L’enjeu pour l’ergonome, à travers son action, est alors de développer le potentiel capacitant des organisations afin qu’elles contribuent simultanément et de manière pérenne à l’amélioration du bien-être des salariés, au développement des compétences et à l’amélioration de la performance.

Cela suppose pour l’ergonome de mobiliser dans la conception participative de l’organisation, le développement de méthodologies d’intervention qui favorisent et soutiennent :

- la disponibilité des ressources effectives et potentielles des individus et des collectifs de travail pour les rendre mobilisables,

- les conditions organisationnelles, techniques, sociales, etc., permettant aux ressources détenues par le collectif de travail de s’actualiser, de se transformer et de devenir « capabilité »,

- la conversion de ces ressources collectives mobilisables en capabilités collectives pour la mise en œuvre d’une action de transformation de la situation réelle en situation future réélaborée collectivement qui soit capacitante.
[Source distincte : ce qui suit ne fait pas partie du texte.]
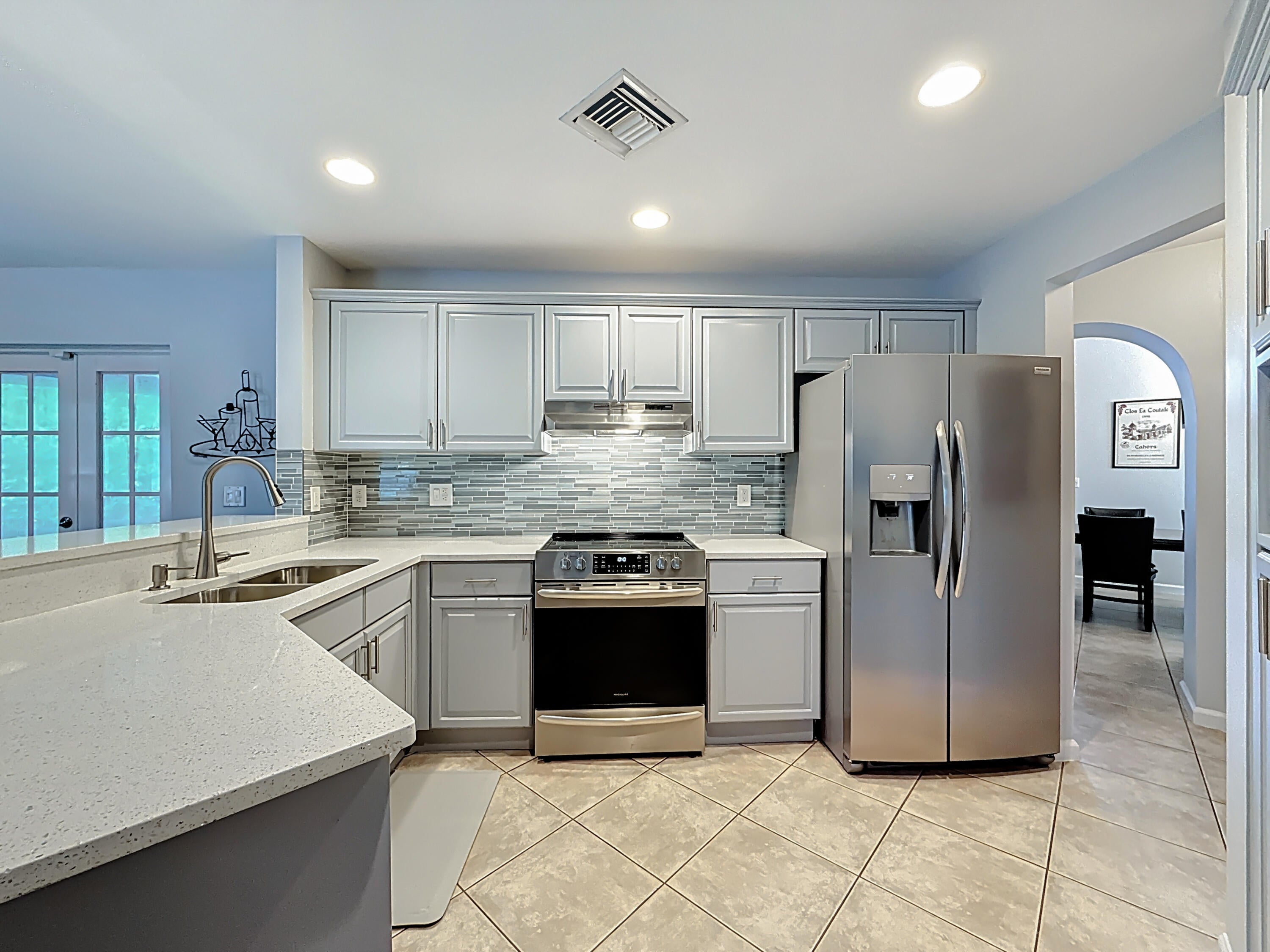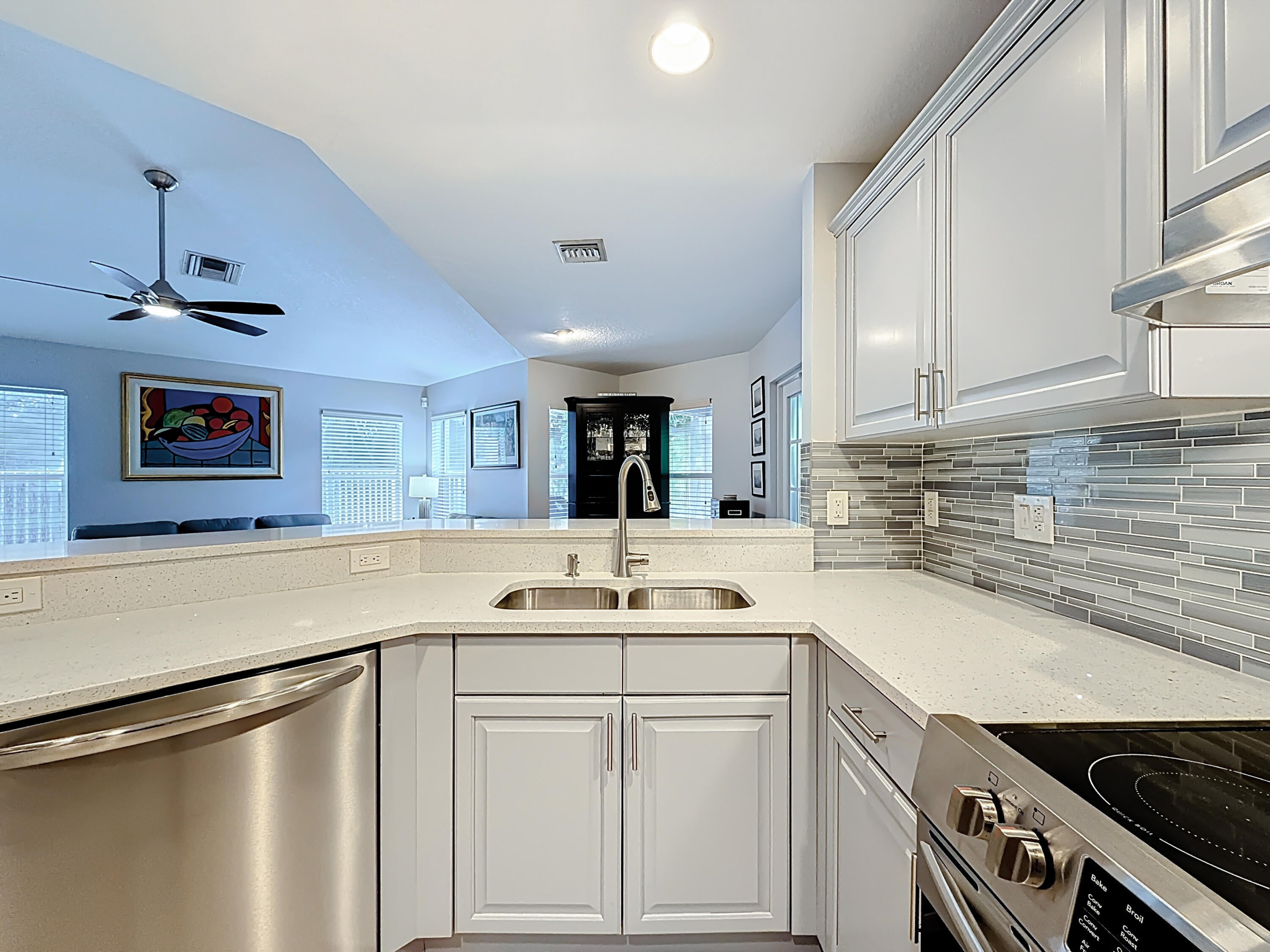 Rarely available remodeled three bedroom two and one half bath pool home in the exclusive gated community of Lawrence Lake Estates. New roof 2024. New pool heater 2024. New A/C 2023. New kitchen and baths 2024. New tankless water heater 2022. All measurements are approximate. All information must be verified by buyer or buyers agent.
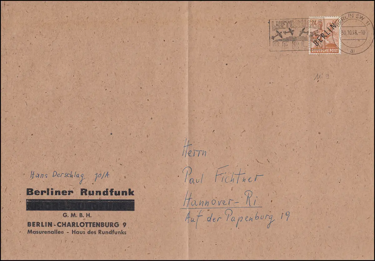Absender Berliner Rundfunk, Haus des Rundfunks, Umschlag gefaltet

Deux questions se posent alors :

- comment l’intervention ergonomique peut-elle permettre la construction d’un environnement capacitant propice au développement d’une organisation capacitante ?

- Quelles sont les implications en termes de méthodologie d’intervention et de compréhension à finalité ergonomique ? Et quel rôle l’intervention ergonomique peut-elle jouer pour accroître les ressources et leur conversion en capabilités ?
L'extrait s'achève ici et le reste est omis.